上記構成によれば、熱処理によって成形木炭の固定炭素量が増加するので、発熱量を向上させて燃焼性能を向上させることができる。
【発明の効果】
【0016】
本発明の成形木炭の製造方法によれば、形成した成形木炭に容易に着火でき、成形木炭の燃焼性能を向上させることができる。
【図面の簡単な説明】
【0017】
図1】本発明の実施例1に係る成形木炭である。
図2】本発明の成形木炭の形成工程を示す図である。
図3】(a)は実施例1のTG曲線を示す図表であり、(b)は実施例1のDTA曲線を示す図表である。
図4】(a)は実施例2のTG曲線を示す図表であり、(b)は実施例2のDTA曲線を示す図表である。
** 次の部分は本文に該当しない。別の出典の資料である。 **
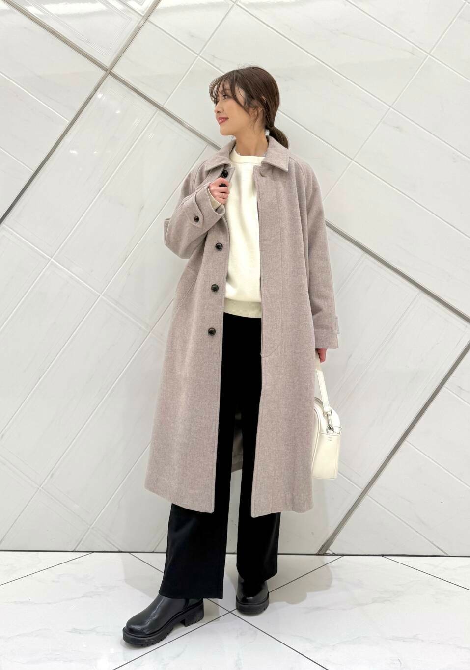 コートはロング丈ながらも軽く、ウール100%の素材や裏地も付いているので暖かいです。
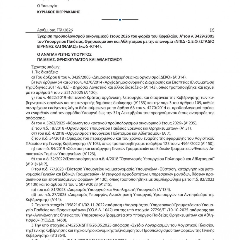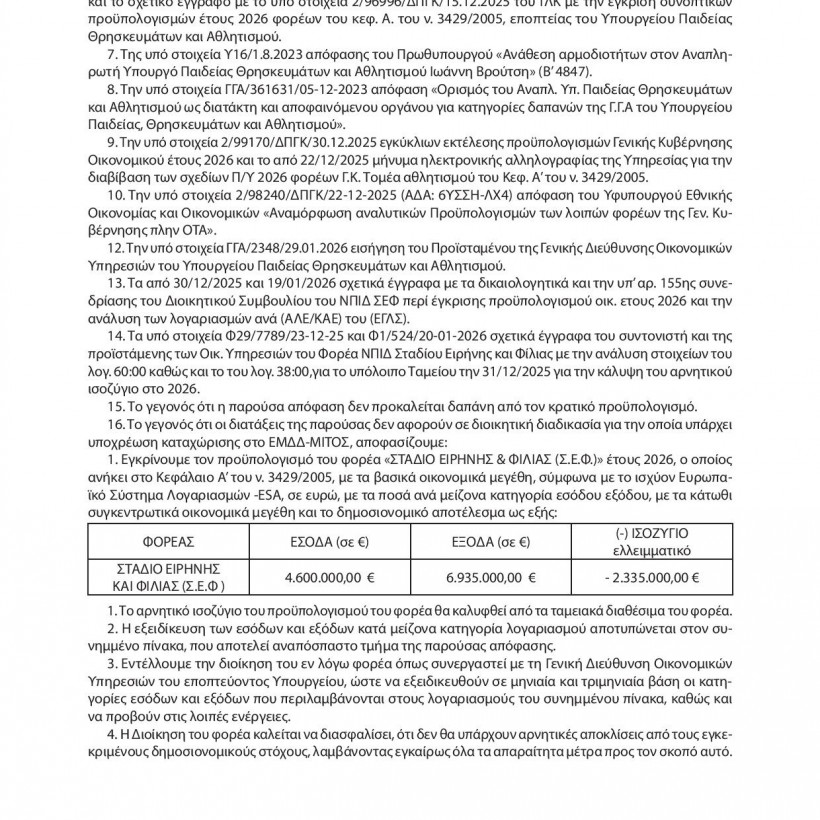 Σύμφωνα με τον προϋπολογισμό του Νομικού Προσώπου Ιδιωτικού Δικαίου «Στάδιο Ειρήνης και Φιλίας» για το 2026:

図5】(a)は比較例1のTG曲線を示す図表であり、(b)は比較例1のDTA曲線を示す図表である。
図6】(a)は比較例2のTG曲線を示す図表であり、(b)は比較例2のDTA曲線を示す図表である。
図7】(a)は比較例3のTG曲線を示す図表であり、(b)は比較例3のDTA曲線を示す図表である。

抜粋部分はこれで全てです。